++++ SOURCE INFORMATION ++++

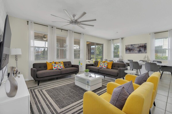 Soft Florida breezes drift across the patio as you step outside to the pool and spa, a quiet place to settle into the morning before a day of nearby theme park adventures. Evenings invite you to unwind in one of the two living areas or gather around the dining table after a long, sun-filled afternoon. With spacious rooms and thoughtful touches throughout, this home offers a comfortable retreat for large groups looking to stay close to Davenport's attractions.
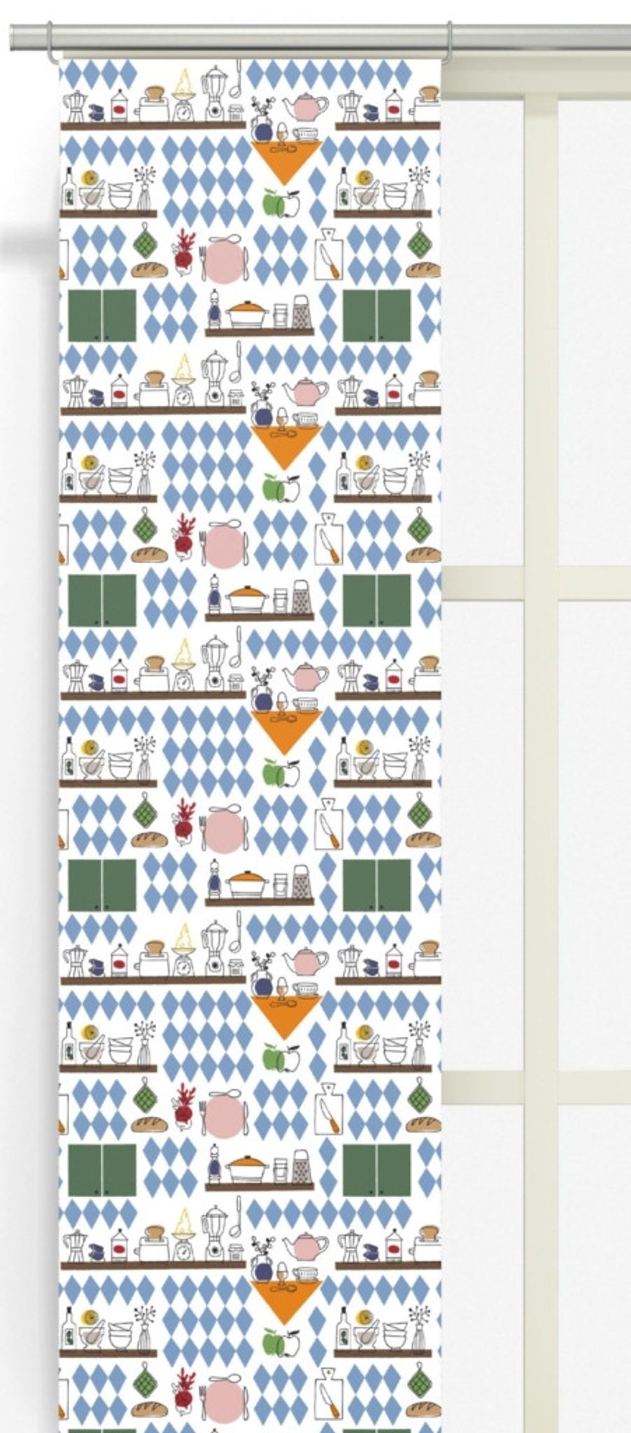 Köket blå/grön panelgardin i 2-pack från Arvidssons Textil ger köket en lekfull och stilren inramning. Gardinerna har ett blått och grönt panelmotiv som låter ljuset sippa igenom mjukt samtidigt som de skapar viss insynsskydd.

++++
++++ SOURCE INFORMATION ++++

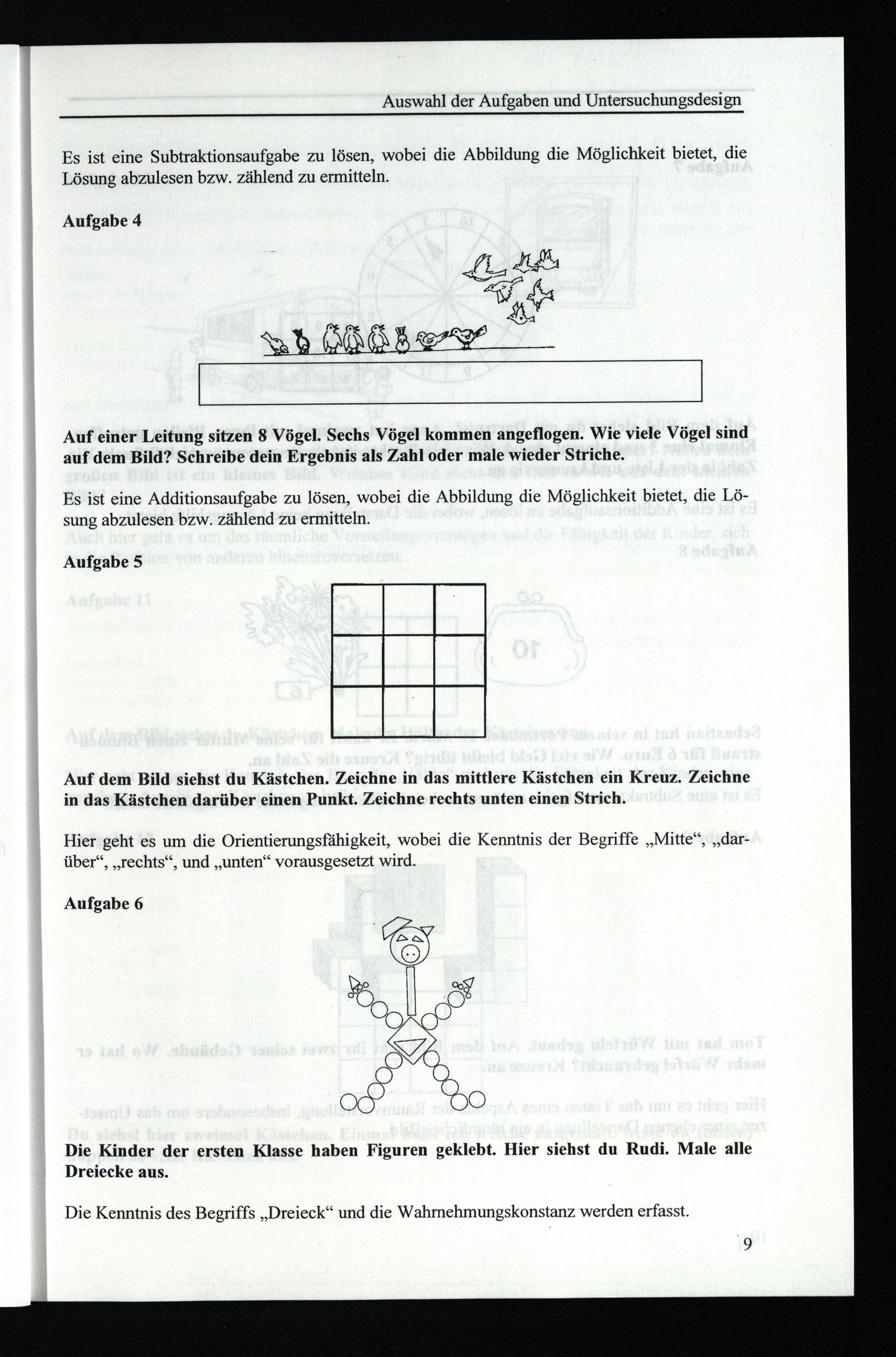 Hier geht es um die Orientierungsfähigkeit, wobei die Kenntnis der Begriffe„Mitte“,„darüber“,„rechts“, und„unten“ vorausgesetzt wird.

++++

Print exactly, with no pictures, the lines above from the one that holds "Soft Florida breezes" through the one that holds "Köket blå/grön panelgardin", both of them included.

▸ ANSWER TO THIS PROBLEM
 Soft Florida breezes drift across the patio as you step outside to the pool and spa, a quiet place to settle into the morning before a day of nearby theme park adventures. Evenings invite you to unwind in one of the two living areas or gather around the dining table after a long, sun-filled afternoon. With spacious rooms and thoughtful touches throughout, this home offers a comfortable retreat for large groups looking to stay close to Davenport's attractions.
 Köket blå/grön panelgardin i 2-pack från Arvidssons Textil ger köket en lekfull och stilren inramning. Gardinerna har ett blått och grönt panelmotiv som låter ljuset sippa igenom mjukt samtidigt som de skapar viss insynsskydd.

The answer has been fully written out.